Si tratta di un testo piuttosto ampio, ma che merita l’intera lettura:

 

Lui non potrà non amarti

 

I

 

Inquieti e sereni

andiamogli incontro:

 

se di tanta grazia riveste

i gigli del campo e l'erba

che al mattino fiorisce

e a sera è già arsa,

 

non può non usarti pietà:

 

anche tu gli sei necessario

- per ragioni certo diverse -

quanto lui a te.

 

II

 

Ma lui non potrà non amarti

 

e sarà annullato l'inferno:

 

se perduto,

anche lui non potrà

non soffrire...

 

III

 

Questo mio poetare

è ancora un gioco di farfalle

in volo senza direzione

 

e tutte cadono a terra

con le ali bruciate.

 

IV

 

Anche quando tu pensi

a un sole mai visto

a un implacabile sole

a un sole che della terra

faccia una sola fornace

di calce,

 

nulla è

a confronto

del suo ardore

 

che fa di te un deserto

di cenere.

 

V

 

Un'alba in abito da sposa:

 

sta forse per sorgere

il nostro giorno?

 

Tutti e due usciamo insieme,

Signore, dalla Notte.

 

Sono versi di rara profondità, che commuovono il lettore per l’intrecciarsi tra amore, conflitto, speranza, umanità, senso del limite («Questo mio poetare / è ancora un gioco di farfalle / in volo senza direzione / e tutte cadono a terra /con le ali bruciate»).

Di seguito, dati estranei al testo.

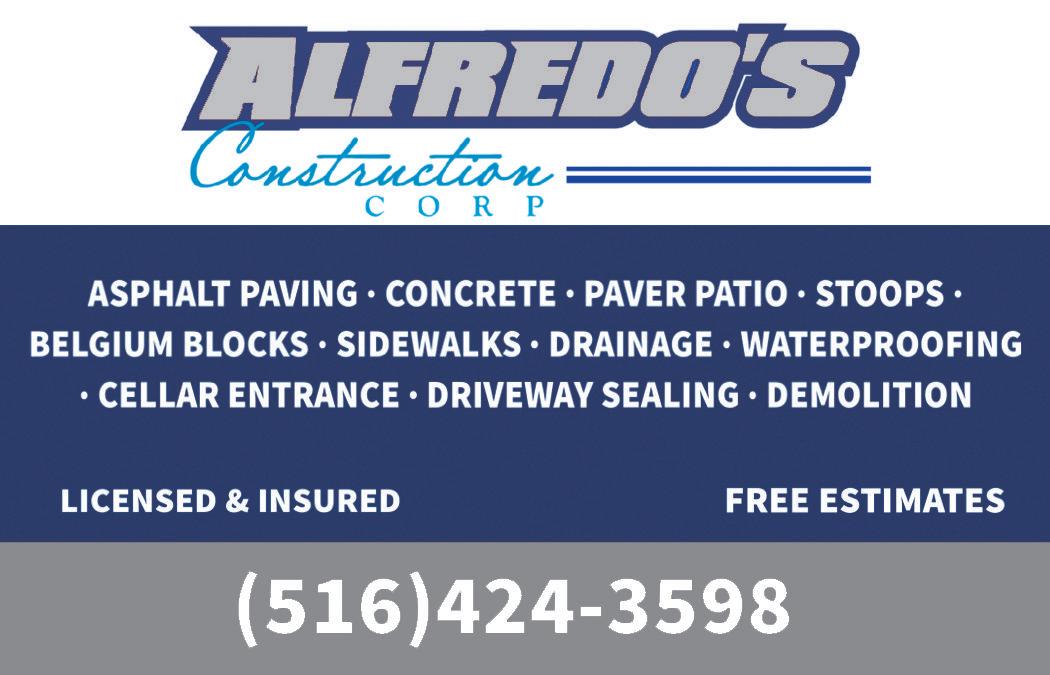 10 August, 2023 LIVING LARGE - Rockville Centre To Advertise Call 516-569-4444 x 250 218 N Long Beach Rd, Rockville Centre, NY 11570 r eli A ble! om DSCA R e QU e ST A QUOT e 516•442•2111 282A Sunrise Highway, Rockville Centre, NY 11570 11565 Kosher Restaurant & Caterers HUNGRY YET? OPENING! 2757 Long Beach Rd, Oceanside (next to Starbuck’s) 516-806-2188 Book Your Holiday Party Now! LIVE ENTERTAINMENT Thursday thru Saturday! (516) 561-3080 76 Rockaway Ave., Valley Stream, NY 11580 Elegance that stands out THE MARKET Introductory Offer $125 $250 Std Rate 5.375” x 4.75” The Market Competitively p ri C ed & AlwAys r eli A ble! 2757 Long Beach Oceanside (next to Starbuck’s) 516-806-2188 Holiday Party Now! LIVE ENTERTAINMENT Thursday thru Saturday! THE MARKET 218 N Long Beach Rd, Rockville Centre, NY 11570 & AlwAys r eli A ble! TURCIOS esigner design 917-691-7811 vid@vsroseslAndsCApe.Com VSROS e S l A n DSCA R e QU e ST A QUOT e Exceptional Dental Care 516•442•2111 282A Sunrise Highway, Rockville Centre, NY 11570 516•596•1919 Malverne, NY 11565 516•791•4033 1441 Broadway, Hewlett, NY 11557 HUNGRY YET? OPENING! 2757 Long Beach Rd, Oceanside (next to Starbuck’s) 516-806-2188 Book Your Holiday Party Now! LIVE ENTERTAINMENT Thursday thru Saturday! (516) 561-3080 76 Rockaway Ave., Valley Stream, NY 11580 THE MARKET 82423 1202643 INSECT & DISEASE MANAGEMENT FERTILIZATION & SOIL CARE PRUNING • CABLING & BRACING Kevin Siragusa, Arborist Representative 631-423-0090 bartlett.com 39 Allen Blvd., Suite A Farmingdale, NY 11735 The F. A. Bartlett Tree Expert Company Fully Lic/Ins # ALL PHASES OF TREE WORK Removals • Pruning • Trimming Hazard Tree Identification & Storm Damage Prevention Grading & Lawn Installations The Best for Less! • Over 33 Years Owner Operated by ISA Certified Arborist FREE ESTIMATES 631-254-0045 AAACheapTree.com • angieslist.com/review/243137 GUARANTEED BEST PRICE! AAA CHEAP TREE Nassau H3900100000 • Suffolk 45336-H DEMOLITION REMOVAL • CLEANUP WWW.1866WEJUNKIT.COM 516.541.1557 1-866-935-8654 FULLY LICENSED & INSURED: Nassau H3900100000 Suffolk 45336-H SAME DAY SERVICE FREE ESTIMATES ALL SIZE DUMPSTERS AVAILABLE 5, 10, 15, 20 & 30 Yard Sizes MENTION COUPON CODE: EXPRESS GET $25 OFF ANY DEMOLITION, CLEANOUT OR DUMPSTER RENTAL Discount may not be combined with any other offer. Coupon must be submitted at time of service. RUBBISH REMOVAL CLEAN-UPS CLEAN-OUTS DUMPSTER RENTALS DEMOLITION OF: Pools, all types Bathhouses Sheds Dormers Garages Kitchens/Baths Complete House Demolition Buildings All Phases of Interior and Exterior Demolition for Contractor Projects Concrete Patios, Sidewalks, Driveways, Stoops ALL PHASES OF CLEANOUTS: Fire and Flood Damage Garage Cleanouts Attic Cleanouts Shed Cleanouts Lot Clearing Estate Cleanouts Complete House and Apartment Cleanouts Entire Building Cleanouts Warehouse Cleanouts Contruction Cleanouts Eviction Cleanouts Yard Debris Cleanouts 146943Y • Demolition • Rubbish Removal • Cleanups • Cleanouts • Dumpster Rentals Get $25 OFF Any Demolition, Cleanout, or Dumpster Rental Discount may not be combined with any other offer. Coupon must be submitted at time of service. free estimates same day service www.1866wejunkit.com 631-608-9099 1-866-935-8654 1200425 1220021 1201577 ds Available Call Today For Weekly Or Bi-Weekly Specials 1221603 Residential • Post Construction • Offce Bonded & Insured Reasonable Rates 1201577 ds Available Call Today For Weekly Or Bi-Weekly Specials Full Service Home Improvements MICHAEL LOBAIDO CONSTRUCTION Cement Specialist • Brickwork • Interlock Bricks Belgium Blocks • Stoops • Patios Protect your biggest investment from basement water damage with Vulcan, the area’s oldest and most experienced waterproofng specialist. For your peace of mind and security, Call today for a free estimate! Basement Water Vulcan Basement Waterproofng QUALITY • RELIABILITY SINCE 1947 can help, just download this simple app and watch this story come to life: Produced as a community service by this civic reminded publication and the Association of Community Publishers “He’s givin me the I can back” Do You Need More Space? Give us a call. The 1st month is FREE! 4 Endo Boulevard Garden City, NY 11530 • 516-227-0200 Convenient Garden City Location! Crammed for space? 516-227-0200 CALL TODAY 1st Month FREE! 1127117 $975 per quarter For details or to order online go to www.liherald.com/subscribe or call 516-569-4000 press 7 Payments 1127117 LOCAL NEWS $975 per quarter For details or to order online go to www.liherald.com/subscribe or call 516-569-4000 press 7 Payments as low as 1127117 For details or to order online go to www.liherald.com/subscribe or call 516-569-4000 press 7 1127117 LOCAL NEWS 75 per quarter For details or to order online go to www.liherald.com/subscribe or call 516-569-4000 press 7 1127117 LOCAL NEWS $975 per quarter For details or to order online go to www.liherald.com/subscribe or call 516-569-4000 press 7 Payments as low as 1127117 LOCAL NEWS $975 per quarter For details or to order online go to www.liherald.com/subscribe or call 516-569-4000 press 7 Payments as low as 1159644 Long Island's Premier Painting & Remodeling Specialist! Experienced Quality Services: CALL NOW ! 516-297-1885 jdpaintremodeling.com AURA PAINTING Interior/ Exterior Painting (all Kinds) Kitchen Cabinet Painting Kitchen & Bathroom Remodeling Interior/ Exterior Home Remodeling 10% OFF A N Y E X T E R I O R PA I N T I N G J O B 1166800 1205343 1205343 plumbing/HVAC pool HeAter repAir sal manzo Plumbing, Heating & Cooling, Inc. service@manzoplumbing.com • www.manzoplumbing.com 1219842 Licensed & Insured “Your Satisfaction Is Our #1 Priority” 1227122 decks decks Our Only Business COmpOsites/ WOOD excellent References & many photos Lic./ins. Free estimates c & s d ecks sTeVe (516)729-5859 Please Call 516 569 4000 X286 or email ereynolds@ liherald.com To Advertise On This Page Do You Need Mor

Parafrasando e invertendo il celebre verso di Paolo VI, «O Cristo, Tu ci sei necessario», Turoldo canta l’appassionato amore di Dio per l’uomo: «anche tu gli sei necessario / - per ragioni certo diverse - / quanto lui a te». L’uomo, noi, io sono necessario a Dio, che per me ha scelto di incarnarsi, rendersi Bambino, incontrarmi e arrivare al sacrificio di se stesso, per rompere i cancelli della morte.

Il Dio di Turoldo è un Padre che soffre per il figlio smarrito, e che viene a «porre la sua tenda» in mezzo a noi» perché così «sarà annullato l’inferno».

Sì, l’uomo è necessario a Dio: arditezze del pensiero che solo la poesia sa concedere.

 

Perché quel Bambino nato a Betlemme «non potrà non amarti», oltre ogni limite posto dall’uomo. E per questo possiamo, come i Magi, provare una «grandissima gioia».

06/01/2018 16:22 PietroB
Quello che fa del mio mentore Turoldo un GRANDE è il suo equilibrio instabile, il suo dubitare...
L’unico modo x essere vicino ai poco credenti...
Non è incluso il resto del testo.